Effects of Fibre Loading and Additives on the Properties of Rubberwood-Polypropylene Composites
Mohd Yunus, Nor Yuziah (2004) Effects of Fibre Loading and Additives on the Properties of Rubberwood-Polypropylene Composites. PhD thesis, Universiti Putra Malaysia.
The three parts study utilised rubberwood, polypropylene and additives in which rubberwood and polypropylene was melt blended, compressed and moulded prior to preparation of test samples. Samples were tested using ASTM standards, except for water absorption where British Standard was adopted. Spectroscopic analyses of Fourier Transform Infra-red spectroscopy (FTIR), Dynamic Mechanical Analysis (DMA) and Scanning Electron Microscopy (SEM) were carried out on the RWPC. For Part A the appearance of RWPC with 0.5mm fibre size was darker than 1-2mm fibre size RWPC. When additives were added, the colours of all the RWPC generally became darker. The water absorption (p<0.01), hardness and mechanical strength of the WPC were significantly affected using the addition of fibre. Without maleated polypropylene (MAP), the coupling agent, the fibres behave as standard fillers. With MAP the resultant RWPC gave significantly enhanced strength properties (tensile, flexural, Izod) for RWPC containing 40 to 60% fibre loading. The enhancement was significantly (p<0.05) stronger for 1-2mm fibre size.
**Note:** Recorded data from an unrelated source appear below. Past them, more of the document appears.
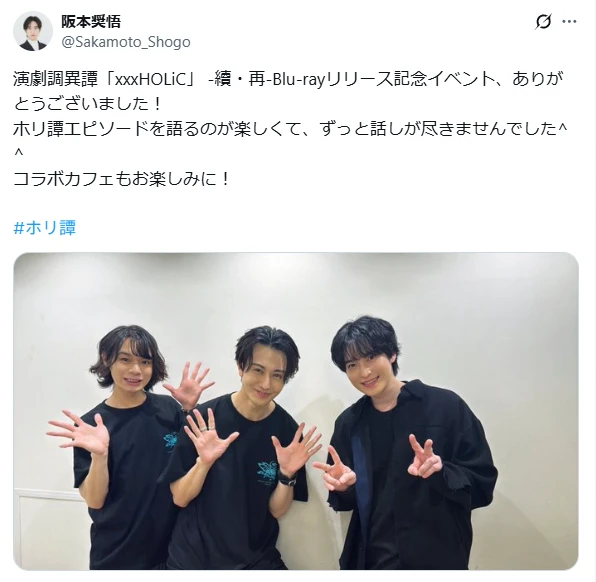 俳優の阪本奨悟が、演劇調異譚「xxxHOLiC」 -續・再-のBlu-rayリリース記念イベントに参加し、オフショットを投稿した。
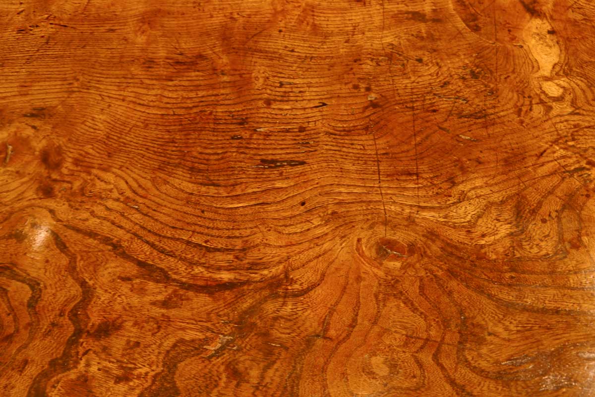 Having a wonderfully patinated top, made from a single board of well-figured elm, measuring an impressive 12 feet 10 inches long by 3 feet 2 inches wide, and almost three inches thick. Either end has a single cleat, which is mitred into the board and fixed with three wedged tenon joints.
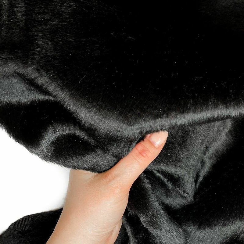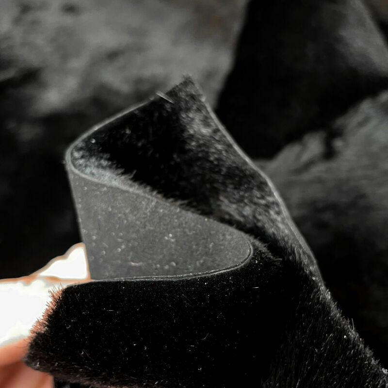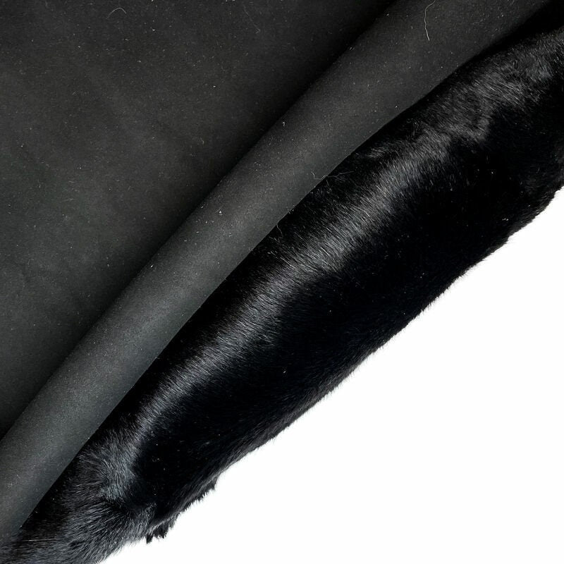 Shiny Black Italian Shearling Hides Warm Double Sided Skins 1m/2.5oz BLACK KANGAROO 1068
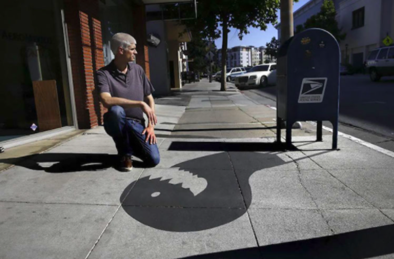However there is one thing that he enjoys above the rest, and that is playful street art projects that gives ordinary objects silly and surprising shadows. Belanger was commissioned to spice up the streets of downtown Redwood City, California, and bring some creativity to the streets and passersby. With his imagination and skills with a paint brush, Belanger created 20 imaginative public piece.
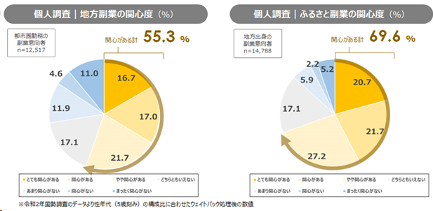 ※ふるさと副業:生まれ(育っ)た土地や、以前に住んだり、なじんでいた場所での副業を指す
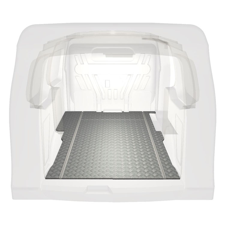 Lightweight and robust extra long floor for Ford Transit Connect with anti-slip aluminum tread plate and cargo rails (longitudinal) for quick and safe installation of racking systems and other accessories.
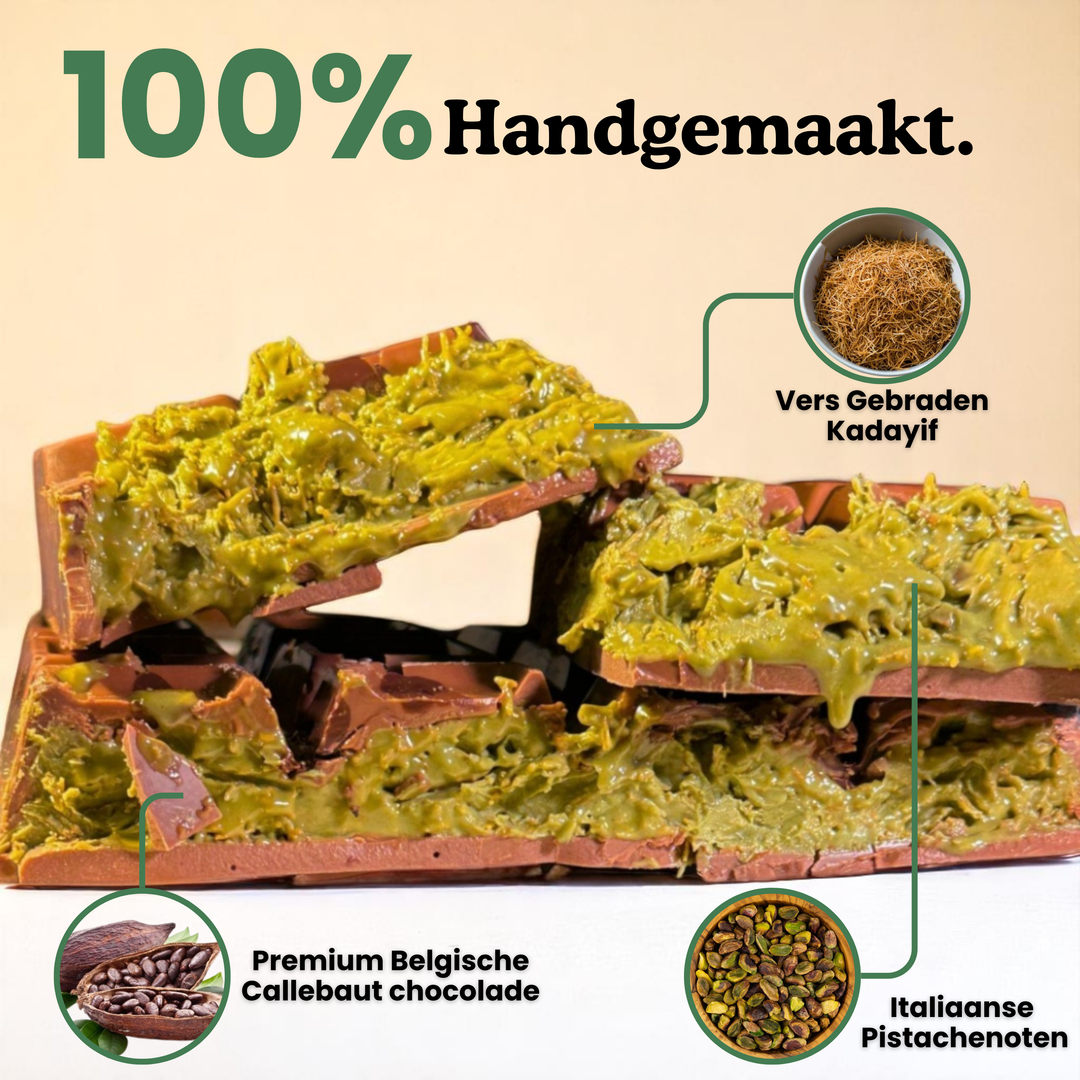 Our approach. While competitors choose the easy way with green food coloring, flavor enhancers, and cheap chocolate, we chose the hard way. No compromises. We use 100% pure pistachio paste (without any additives), freshly roasted knafeh for that extreme crunch, and premium Belgian Callebaut chocolate. When we say "filled," we mean truly filled.
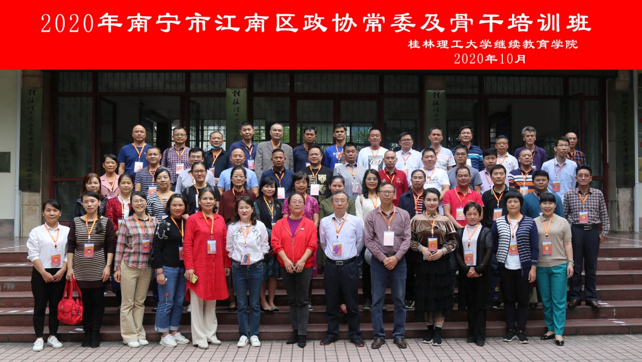 10月26日,由南宁市江南区政协主办,浦京集团官网350vip浦京集团官网承办的“2020年南宁市江南区政协常委及骨干培训班”在教十楼10301教室顺利开班。

In Part B1 the higher molecular weight maleated polypropylene (PMAP) have higher mechanical strength (p<0.05) than the lower molecular weight MAP. The reactive additive (RA) different functionality used in Part B2 for RWPC after the polypropylene had been irradiated gave proportional increase in mechanical strength as the functionality increase. For di-functionality EBYCYL 600 (OLI), the presence of acrylates and epoxy gave different reaction mechanism leading to significantly (p<0.01) improved RWPC performance. For irradiated RWPC, reduction of mechanical strength upon ageing in 2-ethylhexanol acrylate (EHA), hexanediol diacrylate (HDDA) and OLI were attributed to de-polymerisation of the PP polymer caused by trapped radicals. Non-irradiated RWPC did not exhibit any de-polymerisation over a period of 24 months. The DMA data showed the presence of reactive material in irradiated RWPC. The presence of exothermic peak accounted through the increase of storage modulus (E’), was proportional to the molecular weight of the RA used. The FTIR spectra also clearly indicate the presence of interaction of different rigidity for PP, rubberwood, untreated and treated RWPC. SEM images gave clear indication of the interaction changes for untreated versus treated RWPC.